New tool to fight global warming: Endangered Species Act?
A recent deal to protect the habitat of endangered coral may offer US environmentalists new leverage.
Environmentalists may have gained a powerful new legal weapon to fight global warming: the Endangered Species Act.
That's the fallout some expect from a settlement last week between environmentalists and the National Marine Fisheries Service. The government agency agreed to protect the "critical habitat" of elkhorn and staghorn coral, the first species to be recognized as threatened by global warming.
By protecting habitat, not just species, the federal government could be in a position to fight any threats to that habitat, including possibly, global warming, some environmentalists say. While no one expects the US to stop, say, a coal-fired power plant in the Midwest to save Florida coral, the settlement does expand the leverage of the 1973 law that protects species from extinction.
"We think this victory on coral critical habitat actually moves the entire Endangered Species Act [ESA] onto a firm legal foundation for challenging global-warming pollution," says Kieran Suckling, policy director of the Center for Biological Diversity, an environmental group based in Tucson, Ariz., that filed both coral suits.
Indeed, the coral-protection victory may be just the beginning of a push to use the ESA to fight global warming, he and other environmentalists suggest.
The pair of coral species are struggling to survive because Florida's and the Caribbean's waters have become warmer and more acidic. Many scientists attribute the change to global warming.
Protected coral gets habitat safeguards
The elkhorn and staghorn coral won protected status under the ESA in May 2006. But it took a second legal battle to win a preservation of the corals' "critical habitat," part of last week's settlement between environmentalists and the US fisheries service.

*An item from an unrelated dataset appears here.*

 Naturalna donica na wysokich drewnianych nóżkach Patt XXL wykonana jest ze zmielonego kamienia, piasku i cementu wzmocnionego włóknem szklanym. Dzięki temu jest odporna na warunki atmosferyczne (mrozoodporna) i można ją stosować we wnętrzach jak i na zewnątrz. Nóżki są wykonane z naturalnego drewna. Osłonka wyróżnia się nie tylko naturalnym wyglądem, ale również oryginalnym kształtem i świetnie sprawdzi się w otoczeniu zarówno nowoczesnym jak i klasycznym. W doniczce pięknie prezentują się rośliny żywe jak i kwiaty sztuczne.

The act's leverage will grow, environmentalists say, as climate change becomes recognized as a factor in species' decline. The number of species-recovery plans that cite global warming as a damaging factor has gone from zero as recently as 1990 to 141 today – with most of the growth since 2000.
While that's still just 9 percent of the 1,494 species listed at one time or another, the increase suggests that a large group of species still awaiting listing will have global warming cited as a major cause in their decline. The polar bear, 12 species of penguins, and the Kittlitz's Murrelet, an Alaskan bird that nests on the edges of glaciers, are all candidates, Mr. Suckling says.

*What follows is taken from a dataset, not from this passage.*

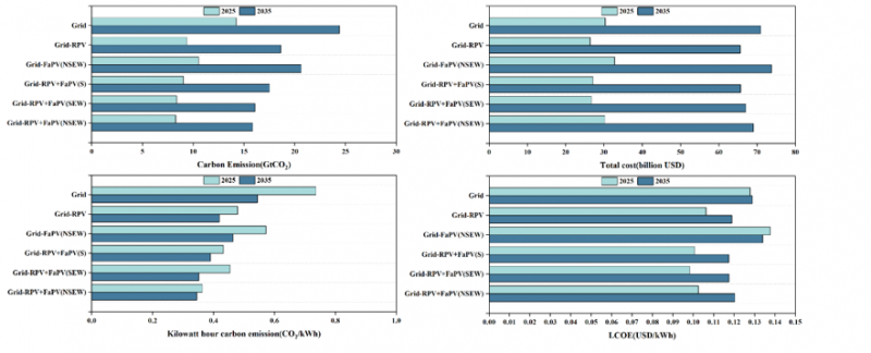 The results show that BIPV-EV systems can effectively reduce CO2 emissions and lower electricity costs (Figure 2). Specifically, compared with BIPV systems that only use rooftop photovoltaics (RPV), the installation of FaPV can increase power generation by up to 67.60%. In terms of urban decarbonization, the adoption of BIPV systems can reduce CO2 emissions by 41.91% in the short term and 34.99% in the long term. The evaluation of the levelized cost of energy (LCOE) for different schemes indicates that the configurations of RPV+FaPV (SE)-EV and RPV+FaPV (SW)-EV systems are the most cost-effective options in both the short and long term, in which BIPV accounts for 48.10% and 31.90% of the total power generation, respectively.

Specific effects of warming speculative
Right now, any bid to fight the construction of a power plant by arguing that emissions might harm a species would probably be thrown out of court, because such climate-change effects remain speculative, Mr. Suckling concedes.
But in the next few years, if evidence of the threat of global warming on endangered species grows, so could the legal argument that the ESA be considered when a power plant or other carbon-intensive project is proposed, he adds.
Others are far less sure about that. Even some environmentalists are skeptical.
It is, for instance, unlikely that any judge will halt a power plant project just because its emissions contribute to a huge pool of global emissions that collectively harm coral, says Michael Bean, senior attorney at Environmental Defense, a Washington-based environmental group.
"The list of endangered species will in the future include many species threatened by global warming," he says. "But I'm skeptical that the [ESA] itself will be the source of any new restrictions on greenhouse-gas emissions. I think those will come from new legislation."
While winning a place on the endangered species list is always a big step – it's only the first. Habitat loss is the primary cause of species loss.
But only about 38 percent of the 1,367 species on the federal endangered species list actually have the much tougher protection that mandates critical habitat protection. Under the law, no area designated as critical habitat can be destroyed or adversely modified.
Those legal protections have played a major role in limiting development in key areas of the country. Critical-habitat designations covering 80 million acres along the West Coast have sharply reduced fishing in the breeding grounds of the Steller Sea Lion, a move many credit for the recent rebound in the population.
First listed as "threatened" in May 2006, the two coral species have declined 80 to 98 percent across their range. This spring a study found that 10 percent of the Caribbean's 62 reef building corals were threatened, including elkhorn and staghorn corals that used to be prominent.
Scientists studying the decline of coral that used to be the dominant reef-builders off the Florida coast are cheering the new settlement. They say they hope the critical-habitat designation will restrict access to the last remaining coral stands – and help win the legal fight on global warming.
"It's pretty exciting to find that a lowly marine invertebrate might actually someday be the legal catalyst for rulings against greenhouse-gas emissions," says Andrew Baker, a University of Miami marine biologist specializing on climate change impact on coral. "It's like getting Al Capone for tax evasion."